It Takes Extraordinary People to Keep the Ordinary Going
Another weekend of being well taken care of. Wonderful conversation and homemade lentil soup (and bread and salad and chocolate pecan cookies and a full bottle of maple syrup balsamic vinaigrette!) from J, and L stopped by on her way to the theater to bring me my favorite British shelter magazine (Living, Etc.) M came for tea and then she kidnapped my laundry, made my bed, sorted and put out the garbage and the recyclables and scrubbed the bathroom. So odd to stand there and watch while she worked, feeling both grateful and guilty. Though I knew I’d end up in a world of pain were I to get down on my hands and knees to scrub the tub and though I knew M was cheerfully and willingly playing housekeeper, I was uneasy with the lady-of-the-manor role.

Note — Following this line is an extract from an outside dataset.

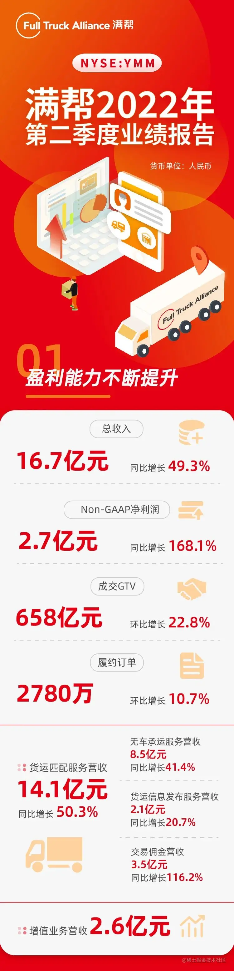 2022年第二季度,满帮实现营收16.7亿元,同比增长49.3%,超过Q1财报披露时给出的16.4亿元预期上限。另外,满帮实现Non-GAAP净利润2.7亿元,同比大幅增长168.1%。

L was back again this morning for breakfast and then a spending spree in Whole Foods where I splurged on flowers, fancy hot chocolate, and a bag of mini oranges that I’ve forgotten the name of. It was funny to have to ask for her help in getting the bananas down cause I couldn’t do my usual stretch way up to get them, and she lugged the bulging bags of groceries to the car and up to my apartment where she speedily put them away. Then I played lady-of-the-manor again while L. showed off her newly acquired knife skills peeling and slicing sweet potatoes so I could try a new crock pot recipe for smashed sweet potatoes and cranberries. (Did I mention that M was the one who had to get the crock pot down for me yesterday?) I spent most of the rest of the afternoon on the couch yawning (and watching Rosemary and Thyme), which was a bit surprising as I thought I had already regained quite a bit of stamina.(I couldn’t take a nap as it seemed that every one of the building’s children was out in the hallway having relay races.) I’m a little nervous about going back to work in a week and utterly thankful that for the first few weeks back I’ll only have to commute with my laptop from the bedroom to the couch. I’m not quite ready for Metro yet.

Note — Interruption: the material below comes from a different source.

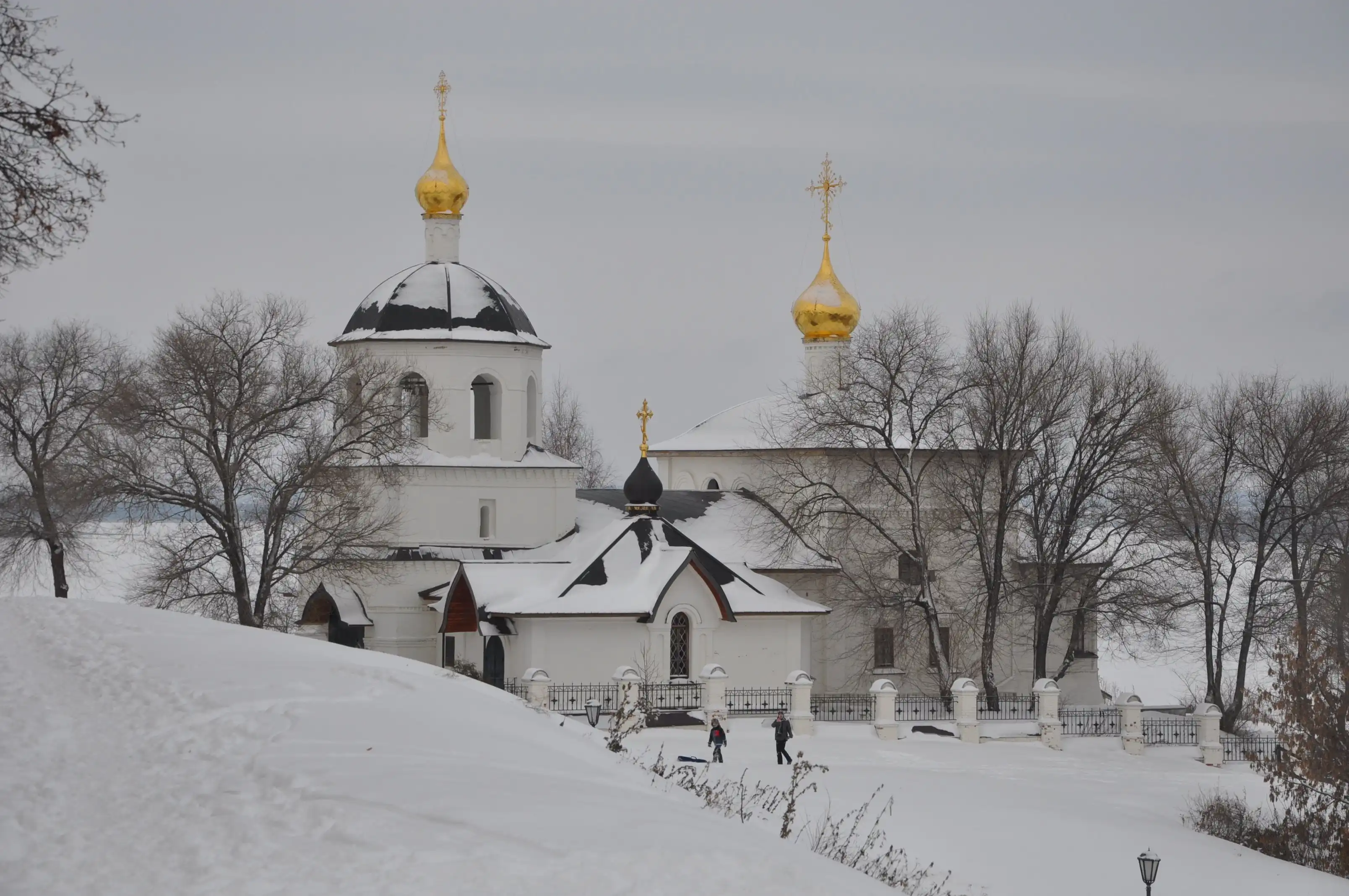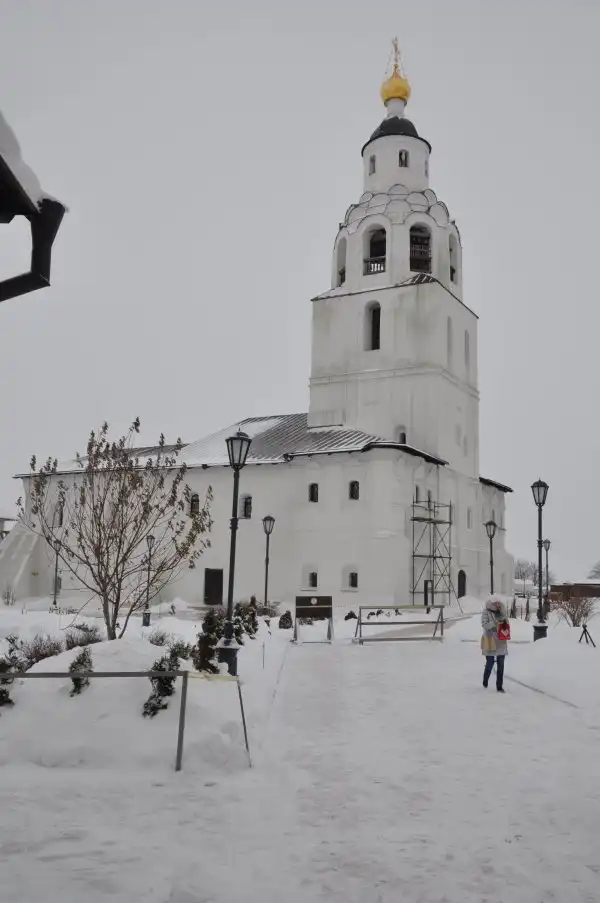 Вот так, длинной вереницей, пешим строем мы возвращаемся вдоль стен Богородице-Успенского мужского монастыря к своему брошенному где-то под крутым холмом экскурсионному автобусу, последний раз оглядываясь на бескрайние волжские дали. До свидания, заснеженный Свияжск! До свидания, лебёдушка-Казань!

On Saturday evening J and I talked a lot about everyday friends. How, once you hit your 40s, it’s harder and harder to start over, to make those friends who will take a day off to take you to the doctor, or get your groceries, or rearrange your freezer. who’ll look out for you and make sure you’re still following all the “after major surgery” guidelines when your inner three-year-old starts chafing against all of the restrictions.
What I want most right now is to get back to ordinary life. And what I’m realizing is that I have a wonderful community who are ready to step in and keep “ordinary” going until I’m ready to stand on my tippy toes again. And for that, I’m extraordinarily grateful.